EXERCISE DIRECTIONS ->
With the pictures left out, output the records below exactly.

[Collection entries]

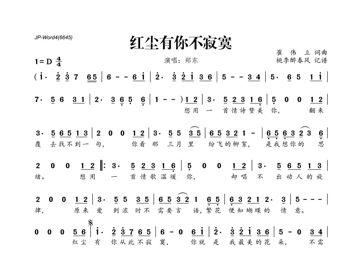 《红尘有你不寂寞》是郑东演唱的一首歌曲,拍号为4/4拍,这份简谱共有一张高清图谱,图谱由 @桃李醉春风 编配上传。
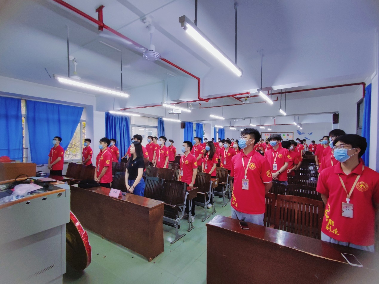當(dāng)熟悉的旋律響起時,每個人站得筆直,齊聲高唱共青團(tuán)團(tuán)歌《光榮啊,中國共青團(tuán)》。
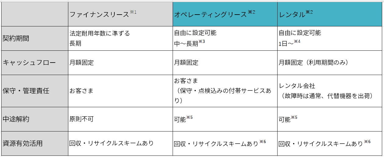 ※3:②オペレーティングリース:上記対象機種以外については、オリックス・レンテック社によるLレンタル(オペレーティングリース)での対応となります。
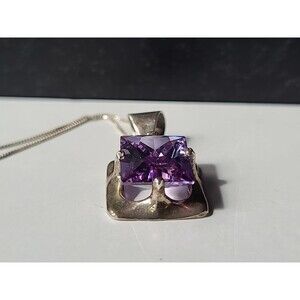 This is a vintage 925 sterling silver faceted purple glass rectangular shaped pendant necklace.
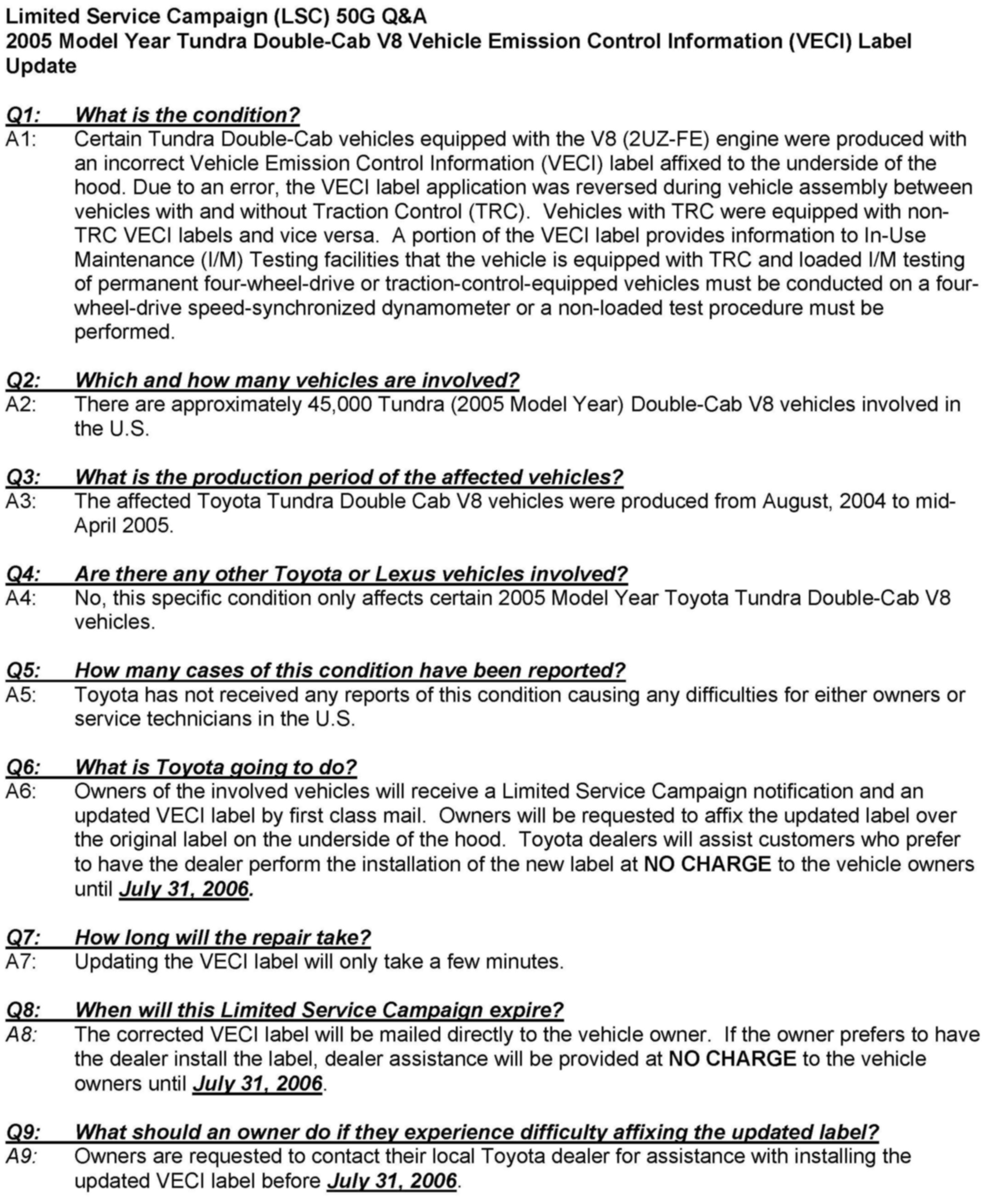 Recall - Incorrect VECI Label Installed At Production
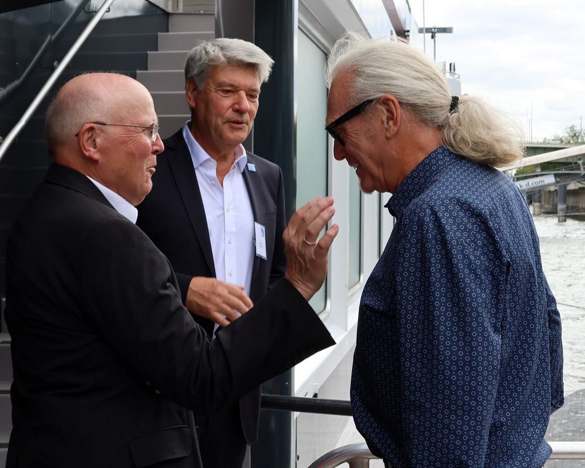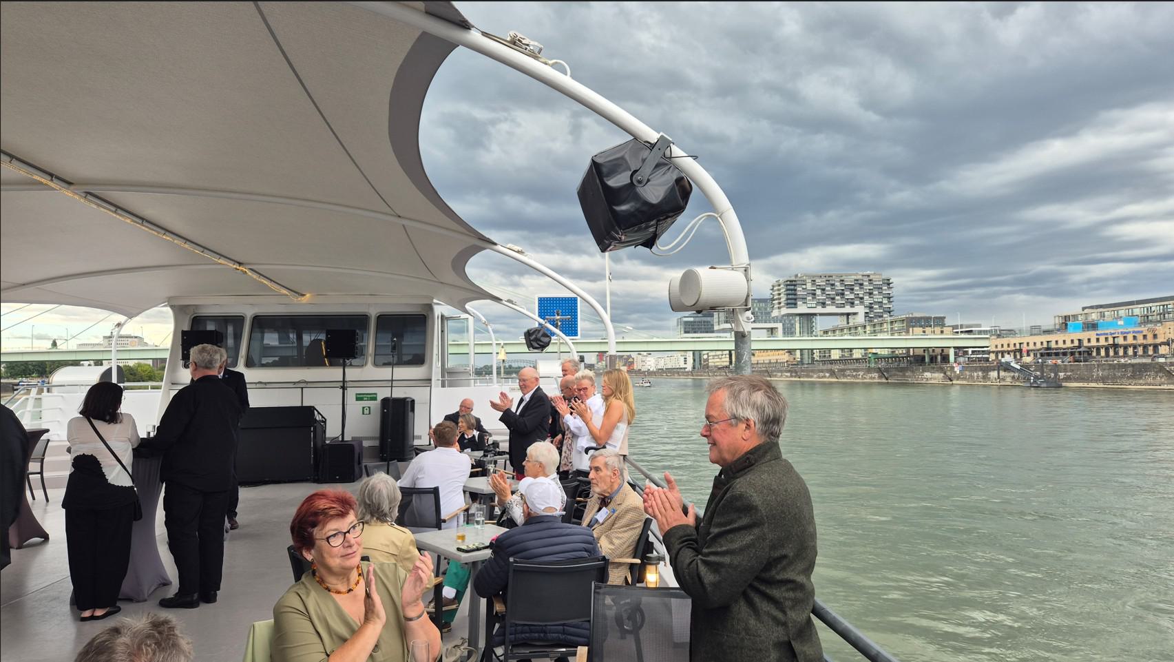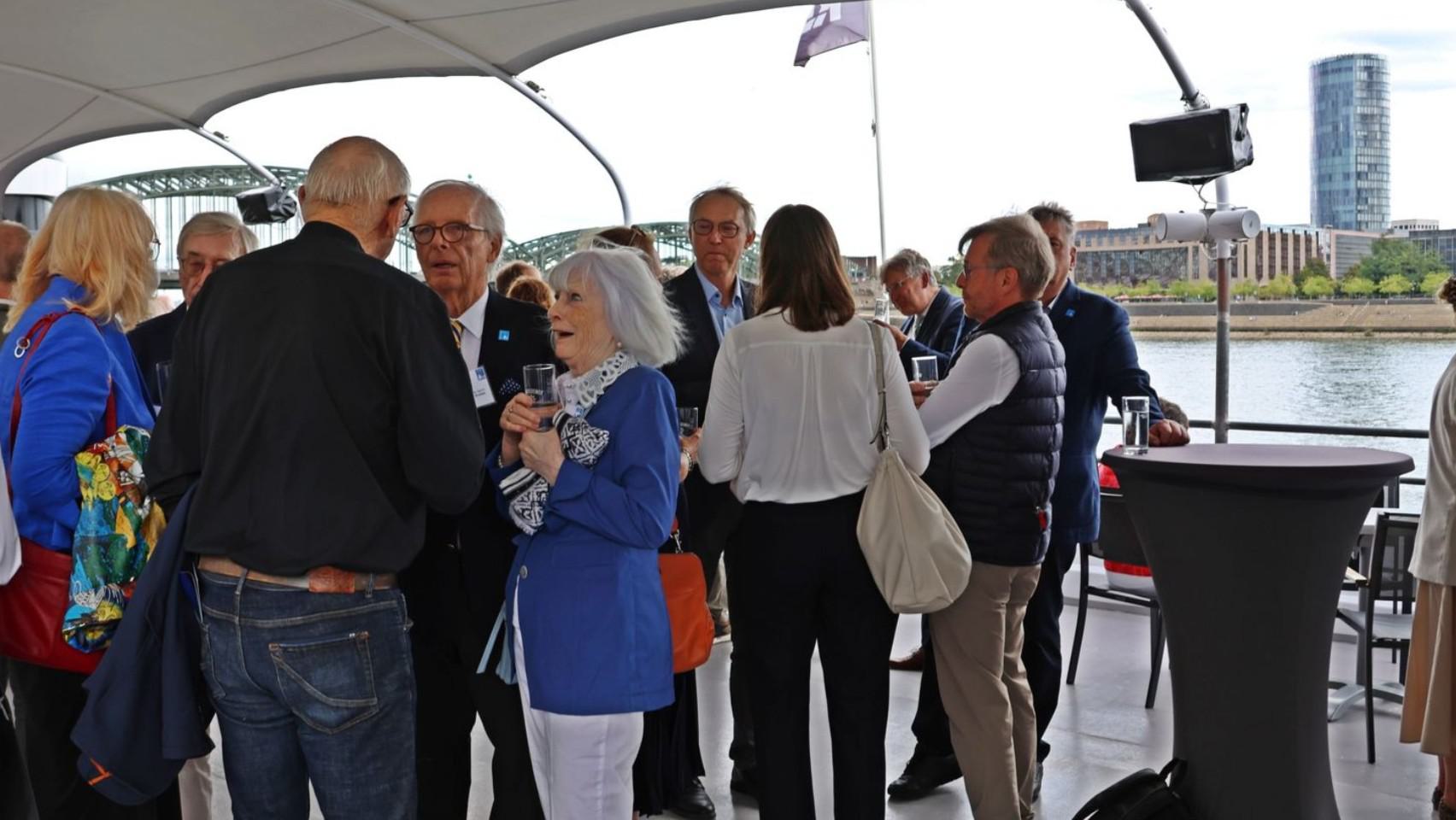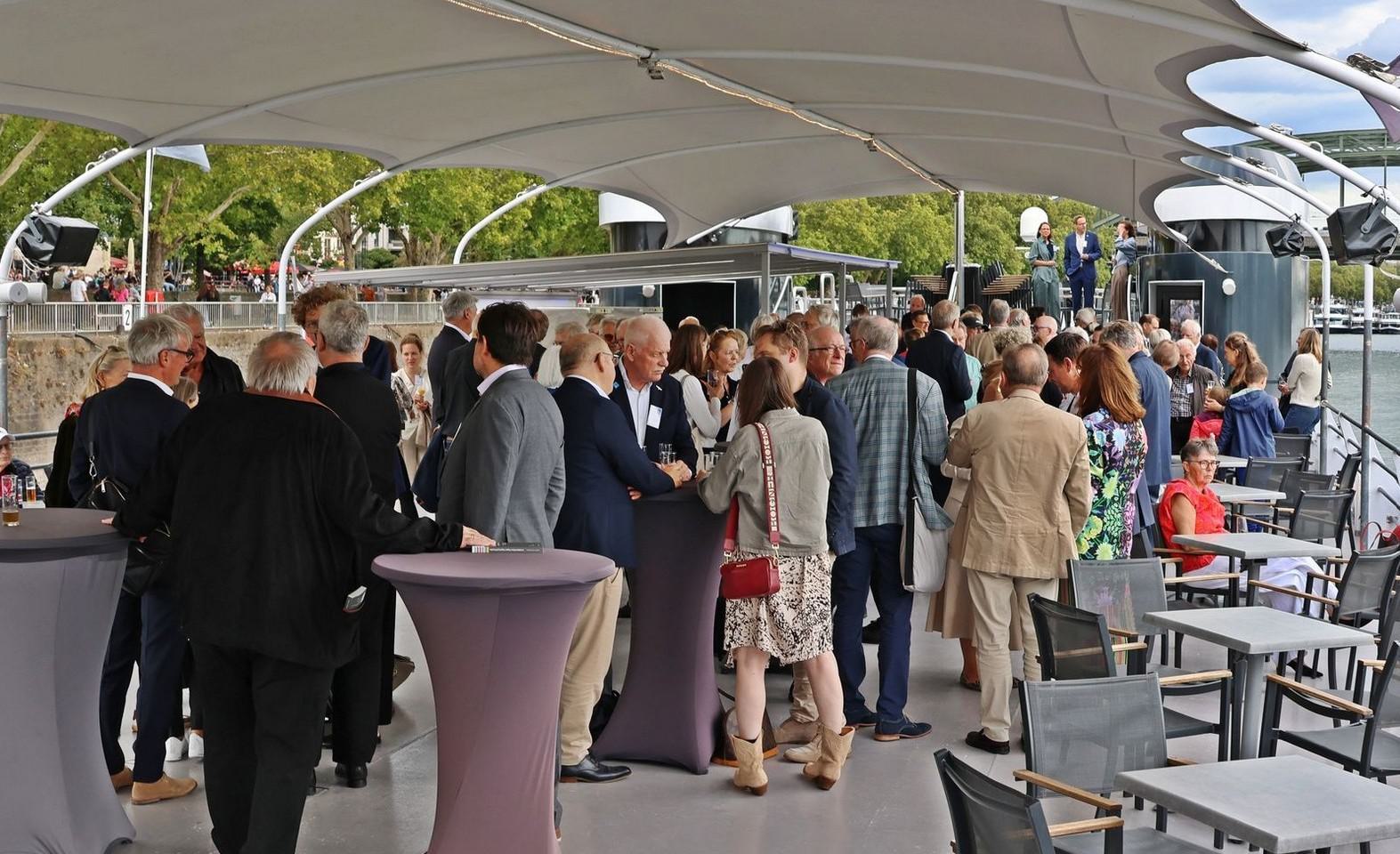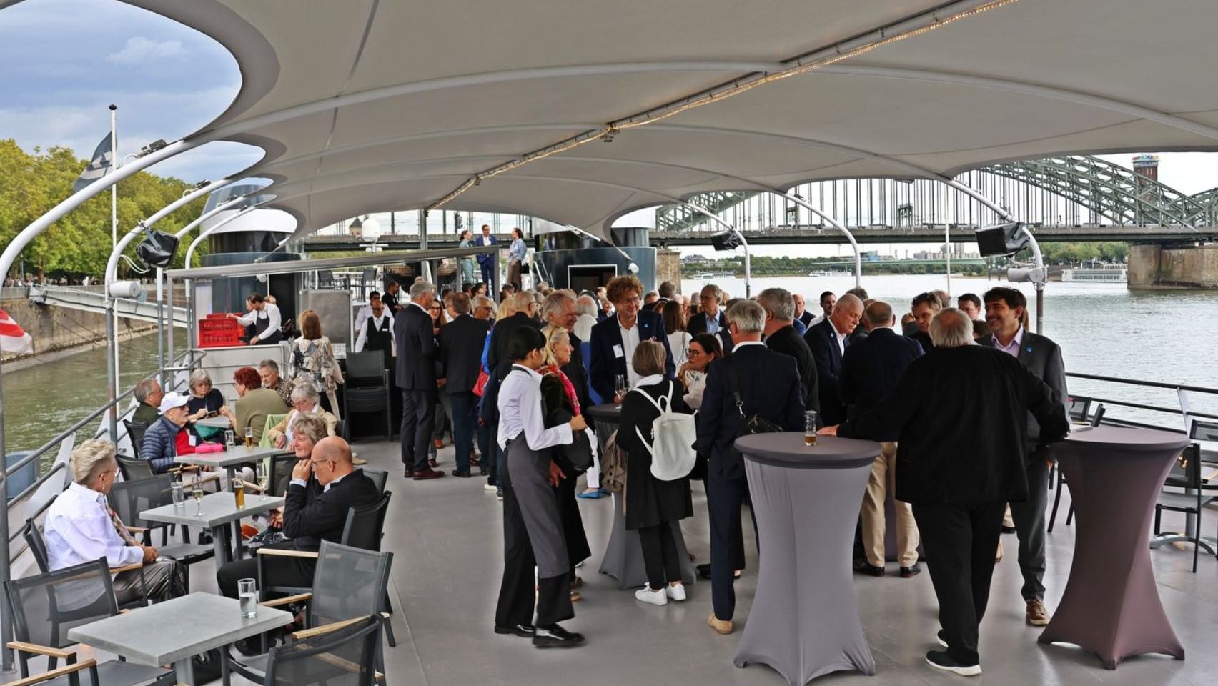 Nach letzten Vorbereitungen und dem Empfang der Gäste startete die Veranstaltung bei einem ersten Getränk an Deck mit den Eröffnungsreden u.a. des Vereinsvorsitzenden Dipl. Ing. Bernd Oxen und des Bürgermeisters Dr. Ralf Heinen als Stellvertreter der Oberbürgermeisterin Henriette Reker.
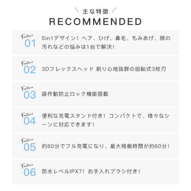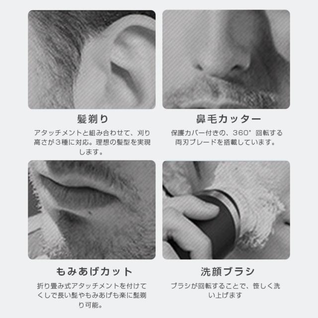 ・5in1デザイン!ヘア、ひげ、鼻毛、もみあげ、顔の汚れなどの悩みは1台で解決!
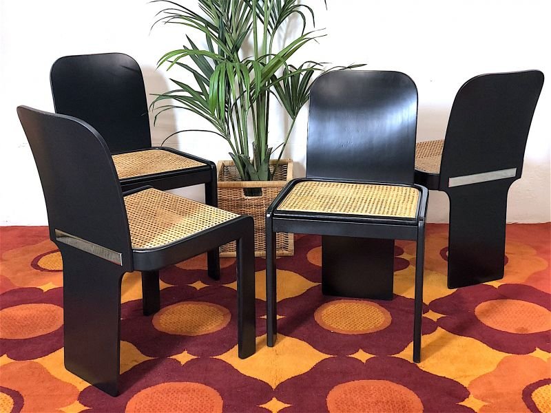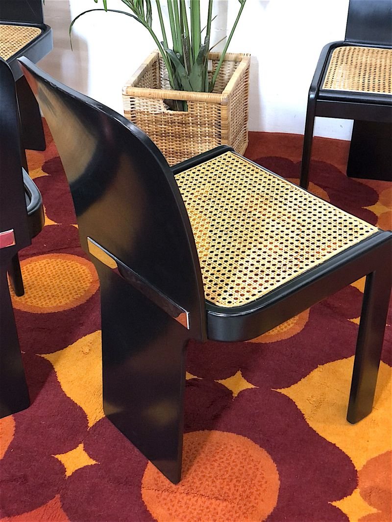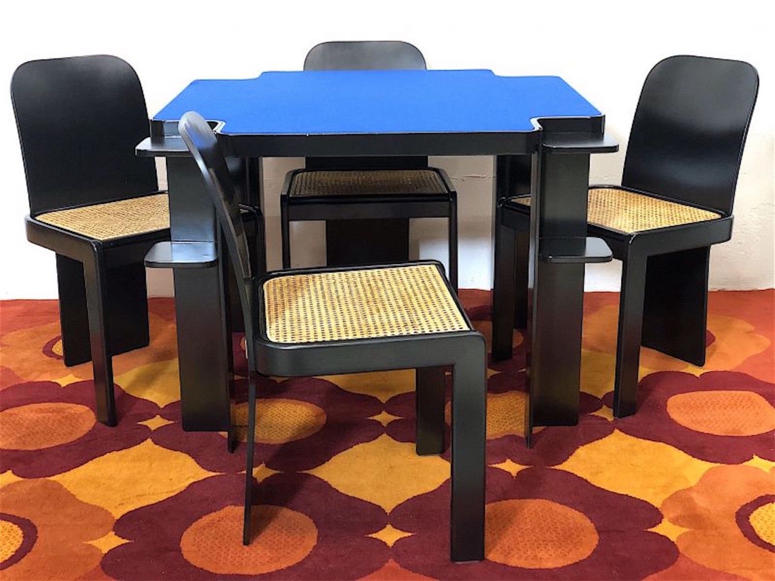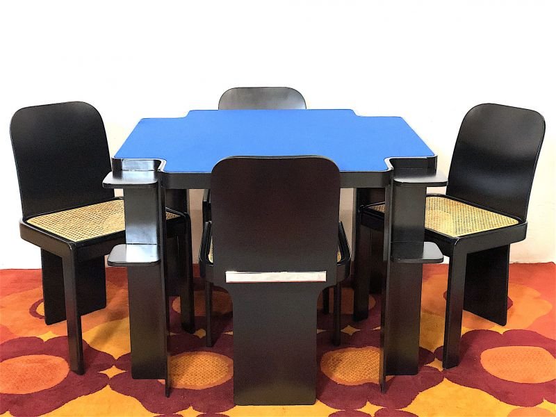 Space Age Gaming Set 70s Made in Italy The set consists of 4 chairs designed by Pierluigi Molinari and produced by POZZI - MILANO, the table is produced by CINI & NILS. Completely restored, the complete set has been oven-repainted in matt black, seats in Vienna straw, the table has a cover with a new Sky Blue fabric. The table structure, like the chairs, are made of steam-bent ash wood, the chairs are characterised by a chrome detail on the backrest which makes them incredibly elegant. PERFECT CONDITIONS Chair measurements: Height 80 cm - Width 48 cm - Depth 48 cm - Seat 46 x 46 cm - Seat height 40 cm Table measurements: Height 74 cm - Width 100 cm - Depth 100 cm
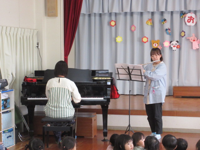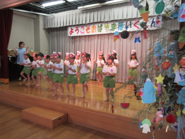 保育士による「こいのぼりの劇」「マジック」「フルートとピアノ演奏」を見た後、さいごに年長さんによる、「エビカニクス」のダンスを見ました。
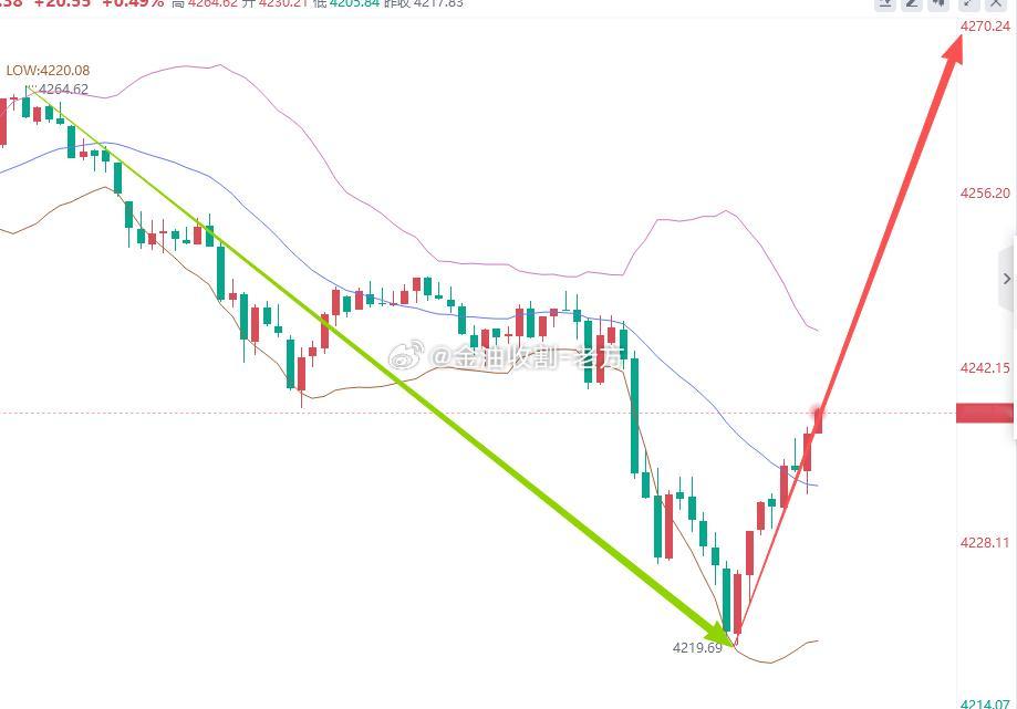 命是弱者的借口运是强者的谦词 黑色星期一行情随我心意今晚市场很给面子,走了一个教科书般的‘先空后涨’。尤其感恩的是,下方我们提前划好的4223支撑被精确测试并撑住反弹上来了。今晚的行情走势犹如砍瓜切菜般轻松惬意。一次预判正确,是市场给面子,也是我们交易系统的一次正常输出。在这个市场里,重要的不是一时的辉煌,而是如何持续、稳定地输出有价值的分析,并活得更久。 能在关键时刻为大家提供清晰的思路,陪伴大家一起看懂市场的变化,这是我作为分析师最大的价值。感谢市场的馈赠,也感谢兄弟们的信任与同行。今晚有按照计划做好风控的朋友,给自己点个赞吧!没跟上的也没关系,市场每天开门,我们下次一起。金价金油趋势实战大师-老方黄金如期走出趋势
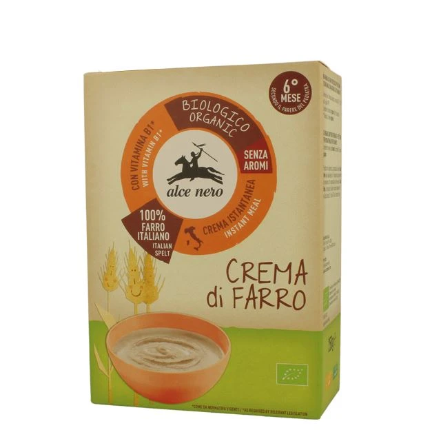 La crema di farro bio Alce Nero è preparata con farro 100% biologico coltivato in Italia, con l’aggiunta di vitamina B1 come da normativa vigente. Non contiene aromi, è istantanea ed è indicata a partire dal 6° mese in poi. Il farro è un cereale antico che viene coltivato da secoli in Italia. Si contraddistingue rispetto agli altri grani per il suo stelo lungo. Anni di esperienza nel biologico e nella messa a punto di delicati processi di lavorazione, ci permettono di ottenere una crema che nutre il bambino avvicinandolo al gusto dei cereali.
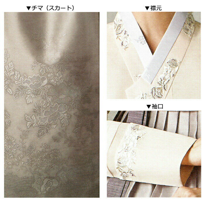 ・手作業で仕上げる袖先の刺繍デザイン、色、チマのポイント等はご注文時若干異なる場合がございます。

WORKED SOLUTION ->
 《红尘有你不寂寞》是郑东演唱的一首歌曲,拍号为4/4拍,这份简谱共有一张高清图谱,图谱由 @桃李醉春风 编配上传。
當(dāng)熟悉的旋律響起時,每個人站得筆直,齊聲高唱共青團(tuán)團(tuán)歌《光榮啊,中國共青團(tuán)》。
 ※3:②オペレーティングリース:上記対象機種以外については、オリックス・レンテック社によるLレンタル(オペレーティングリース)での対応となります。
 This is a vintage 925 sterling silver faceted purple glass rectangular shaped pendant necklace.
 Recall - Incorrect VECI Label Installed At Production
 Nach letzten Vorbereitungen und dem Empfang der Gäste startete die Veranstaltung bei einem ersten Getränk an Deck mit den Eröffnungsreden u.a. des Vereinsvorsitzenden Dipl. Ing. Bernd Oxen und des Bürgermeisters Dr. Ralf Heinen als Stellvertreter der Oberbürgermeisterin Henriette Reker.
 ・5in1デザイン!ヘア、ひげ、鼻毛、もみあげ、顔の汚れなどの悩みは1台で解決!
 Space Age Gaming Set 70s Made in Italy The set consists of 4 chairs designed by Pierluigi Molinari and produced by POZZI - MILANO, the table is produced by CINI & NILS. Completely restored, the complete set has been oven-repainted in matt black, seats in Vienna straw, the table has a cover with a new Sky Blue fabric. The table structure, like the chairs, are made of steam-bent ash wood, the chairs are characterised by a chrome detail on the backrest which makes them incredibly elegant. PERFECT CONDITIONS Chair measurements: Height 80 cm - Width 48 cm - Depth 48 cm - Seat 46 x 46 cm - Seat height 40 cm Table measurements: Height 74 cm - Width 100 cm - Depth 100 cm
 保育士による「こいのぼりの劇」「マジック」「フルートとピアノ演奏」を見た後、さいごに年長さんによる、「エビカニクス」のダンスを見ました。
 命是弱者的借口运是强者的谦词 黑色星期一行情随我心意今晚市场很给面子,走了一个教科书般的‘先空后涨’。尤其感恩的是,下方我们提前划好的4223支撑被精确测试并撑住反弹上来了。今晚的行情走势犹如砍瓜切菜般轻松惬意。一次预判正确,是市场给面子,也是我们交易系统的一次正常输出。在这个市场里,重要的不是一时的辉煌,而是如何持续、稳定地输出有价值的分析,并活得更久。 能在关键时刻为大家提供清晰的思路,陪伴大家一起看懂市场的变化,这是我作为分析师最大的价值。感谢市场的馈赠,也感谢兄弟们的信任与同行。今晚有按照计划做好风控的朋友,给自己点个赞吧!没跟上的也没关系,市场每天开门,我们下次一起。金价金油趋势实战大师-老方黄金如期走出趋势
 La crema di farro bio Alce Nero è preparata con farro 100% biologico coltivato in Italia, con l’aggiunta di vitamina B1 come da normativa vigente. Non contiene aromi, è istantanea ed è indicata a partire dal 6° mese in poi. Il farro è un cereale antico che viene coltivato da secoli in Italia. Si contraddistingue rispetto agli altri grani per il suo stelo lungo. Anni di esperienza nel biologico e nella messa a punto di delicati processi di lavorazione, ci permettono di ottenere una crema che nutre il bambino avvicinandolo al gusto dei cereali.
 ・手作業で仕上げる袖先の刺繍デザイン、色、チマのポイント等はご注文時若干異なる場合がございます。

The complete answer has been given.